Следующий вопрос Владимира оказался более ожидаем:
— А там, откуда ты пришел, меня-то хоть помнят?
— Люди старшего возраста помнят, — кивнул я. — А молодежь… Не уверен. У каждого поколения свои кумиры. Слишком рано ты ушел.
— Жаль, — он дунул в мундштук папиросы. — Я здесь стараюсь, живу в постоянном стрессе, спешу, но постоянно не успеваю! Коллеги меня не любят. И еще меня власть не любит, везде палки в колеса вставляет.
— Если у тебя нет врагов, значит, ты ничего не достиг, — философски заметил я.
— Что-то их многовато, — буркнул Владимир.
— Полнейшая шляпа?
— В смысле, полные штаны? — не понял он идиомы.

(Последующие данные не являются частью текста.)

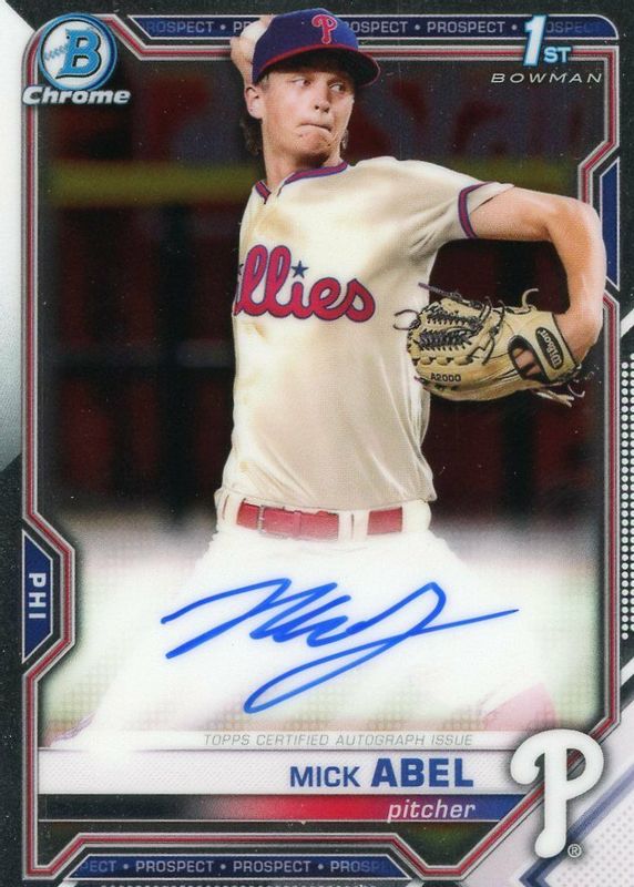 Mick Abel Phillies Auto Signed 2021 Bowman Chrome .

Однако пояснять я не стал:
— Да, и штаны тоже. Понимаешь, официально признавать тебя не хотят по разным причинам, хотя ты уже стал самым народным из всех народных артистов. Да и за что властям тебя любить? Народную любовь ты тянешь на себя со страшной силой. Глаголешь истину как видишь, пишешь что думаешь, шикуешь на иномарках. Ты не такой как все, и на тебя нет управы. Это раздражает. Кучу жен себе завел, и еще женщину в Париже — это вызывает зависть моралистов. Хотя здесь тоже наблюдается проблема. Туда уезжать ты не хочешь, она в Москву не рвется.
— Отсюда я не уеду, — резко махнув рукой, он словно припечатал. — Это моя страна! Не дождутся.

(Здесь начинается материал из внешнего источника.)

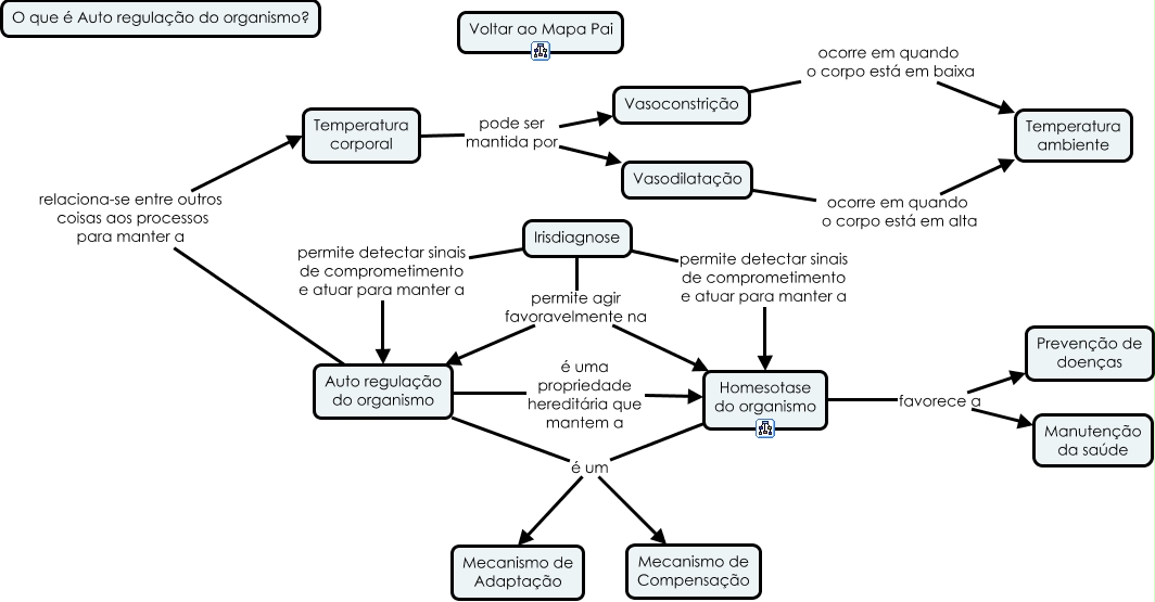 Esse mapa conceitual, produzido no IHMC CmapTools, tem a informação relacionada a: O que é Auto regulação, Vasodilatação ocorre em quando o corpo está em alta Temperatura ambiente, Irisdiagnose permite agir favoravelmente na Auto regulação do organismo, Irisdiagnose permite agir favoravelmente na Homesotase do organismo, Irisdiagnose permite detectar sinais de comprometimento e atuar para manter a Homesotase do organismo, Auto regulação do organismo é uma propriedade hereditária que mantem a Homesotase do organismo, Auto regulação do organismo é um Mecanismo de Adaptação, Irisdiagnose permite detectar sinais de comprometimento e atuar para manter a Auto regulação do organismo, Auto regulação do organismo relaciona-se entre outros coisas aos processos para manter a Temperatura corporal, Homesotase do organismo favorece a Manutenção da saúde, Vasoconstrição ocorre em quando o corpo está em baixa Temperatura ambiente, Temperatura corporal pode ser mantida por Vasoconstrição, Homesotase do organismo é um Mecanismo de Adaptação, Homesotase do organismo é um Mecanismo de Compensação, Auto regulação do organismo é um Mecanismo de Compensação, Homesotase do organismo favorece a Prevenção de doenças, Temperatura corporal pode ser mantida por Vasodilatação

— И то верно, — одобрительно кивнул я, — поклонников у тебя здесь хватает. Больше, чем недоброжелателей. И хотя только мама твоя была русской, тем не менее, ты всегда считал себя русским, но и еврейских корней не скрывал.
— Это Россия, мужик, — хмыкнул он. — Тут всякое может быть, не только разные корни.
Развивать эту тему я не стал:
— У каждого в жизни свой крест, твой самый тяжелый — нести людям радость через свои песни и роли. В одном из последних интервью ты поведал, что хочешь бросить театр и кино. Бросить все, включая эстраду, и работать за письменным столом. Тебе виделось это новой задачей, более важной. Ты хотел заниматься Россией и русской историей.
Высоцкий спорить не стал:
— Такие мысли приходили мне в голову. Это то, что я хотел бы делать, отбросив всё остальное. Только кто позволит?
— Времена меняются, знаешь ли. И быстрее, чем ты думаешь.
— Да, ладно, — не поверил он, прикуривая беломорину.
— А сплетники утверждают, будто ты куришь «Мальборо» и никого не угощаешь, — заметил я некстати.
— Стрелков развелось немеряно, — спокойно огрызнулся он. — Свои надо иметь! Впрочем, тебе могу предложить.
— Не курю, — отмахнулся я. — Так вот, ты можешь успеть всё. Однажды ты сам заметил: в тебе живет два разных человека. Раздвоение личности, оно такое: когда один стремится на балеты, другой стремится прямо на бега. В общем, ты и не друг себе, и не враг, а так.
— Хм, — покачал головой Владимир. — Что ты предлагаешь?
— Проблемы надо решать по частям. И сначала ты научишься обходиться без водки, табака и других веселящих веществ.
— Что, совсем? — негодование его было искренним и праведным.
— Ну, пятьдесят грамм в день оставим, — сдал я немного назад. — Чисто для аппетита.
— И зачем тебе это надо? — разгоняя дым, взмахнул папиросой Высоцкий.
— Во-первых, ликероводочная промышленность перестанет так сильно напрягаться.
— Логично, — хмыкнул он. — А во-вторых?
— Во-вторых, его пример — другим наука. В тусовке многие смотрят на тебя как на идола, и берут пример. И в-третьих, это надо тебе, а не мне. Ну что, приступим?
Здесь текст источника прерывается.